In OpenClaw, the standard way to build a multi-agent workflow is to create a completely new workspace for every new agent.
If you want a social media agent, you create a social media workspace. If you want an engineering agent, you create an engineering workspace.
This multi-workspace architecture keeps the agents perfectly isolated. But if you are a solo operator running multiple projects, it introduces a massive pain point: You are constantly switching environments, and your agents can't easily share a ground truth.
For months, I tried to bypass this by running all my projects through a single OpenClaw workspace and bloating my global system prompt (AGENTS.md) with rules for every startup I was running.
The result? A massive "Context Bloat" wall.
My agent's startup context hit 27,000 tokens. The agent spent 20 seconds just "reading its own brain" before it could answer a simple prompt. Engineering logic was bleeding into my social media drafts.
I wanted the project isolation of a multi-workspace setup, but I absolutely refused to manage the overhead of multiple environments.
Here is how I engineered my single OpenClaw workspace to act as a multi-agent environment — and cut my context bloat by 85%.
1. Gutting the Root Config
Most people stuff all their project rules into the global AGENTS.md file. Don't.
I stripped my global system prompt down to only the bare essentials: voice, formatting rules, and universal constraints. It acts purely as a baseline router.
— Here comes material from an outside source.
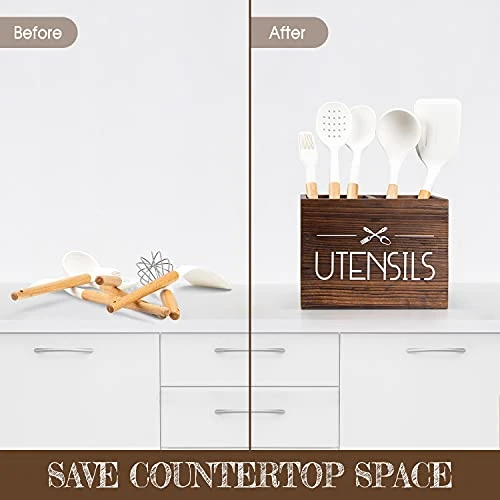 - UTENSIL HOLDER FOR COUNTERTOP: Add our wooden kitchen utensil holder to your countertop to hold all your favorite cooking tools. It can keep the countertop tidy and save countertop space in your kitchen.

More importantly, I completely deleted the global MEMORY.md file. There is no longer a single, massive file trying to hold the state of every project I am working on.
2. Channel-Level Identity Injection
If there is no global memory, how does the agent know what project it is working on?
Instead of relying on the global workspace config, I hard-coded project isolation into the chat environment itself using OpenClaw's Discord channel configuration.
I mapped specific Discord channels to specific project roles:
"1478382862150664344": {
"systemPrompt": "You are the social media agent in #social-media. Focus exclusively on LinkedIn-to-Substack growth. Stay in the memory/social_media/ folder.\nStartup: read memory/social_media/YYYY-MM-DD.md (today) and memory/social_media/MEMORY.md.",
"skills": ["linkedin-content-writing", "nano-banana-pro"]
}
The agent is now "born" with its project identity based purely on where I talk to it. It is the social media agent when I message it in #social-media, and it is the engineering agent when I message it in #engineering.
3. Segregated Memory Folders
Notice the startup instructions in the JSON snippet above.
Because the global MEMORY.md is gone, I created dedicated memory folders inside the single workspace (e.g., memory/social_media/). When I open the #social-media channel, the agent boots up and only reads:
- The active daily log for that specific project (
YYYY-MM-DD.md) - The channel's scoped, project-specific
MEMORY.md
My engineering agent is completely blind to my social media drafts, achieving the exact isolation of a multi-workspace setup without leaving the single environment.
4. Slicing the Tool Tax
If you give an OpenClaw agent 50 tools globally, it wastes massive amounts of context just keeping those JSON schemas in its head.
I moved to a minimal global profile (tools.profile: "coding") and inject specialized tools only when the agent is in the relevant channel (notice the "skills" array above).
The Human Interface: The Obsidian Symlink
Isolation in the agent's mind is useless if it's a mess for the human.
I recursively symlinked my single OpenClaw workspace directly into my Obsidian Vault:
ln -s ~/.openclaw/workspace/memory/ ~/Documents/Obsidian\ Vault/Coke/memory/
If I am working on my social media project in Obsidian, the agent is working in the exact same memory/social_media/ folder via Discord. We are editing the exact same files in real-time.
The Result
By engineering the environment instead of just "prompting harder," I achieved the perfect multi-agent setup:
- Zero Context Bleed: My startups stay in their own clean rooms.
- Minimal Setup: One workspace, one agent, infinite hats.
- Extreme Speed: Startup context slashed from 27,000 down to 4,000 tokens — an 85% drop.
You don't need the overhead of multiple OpenClaw workspaces to build a multi-agent system. You just need a cleanly engineered single environment.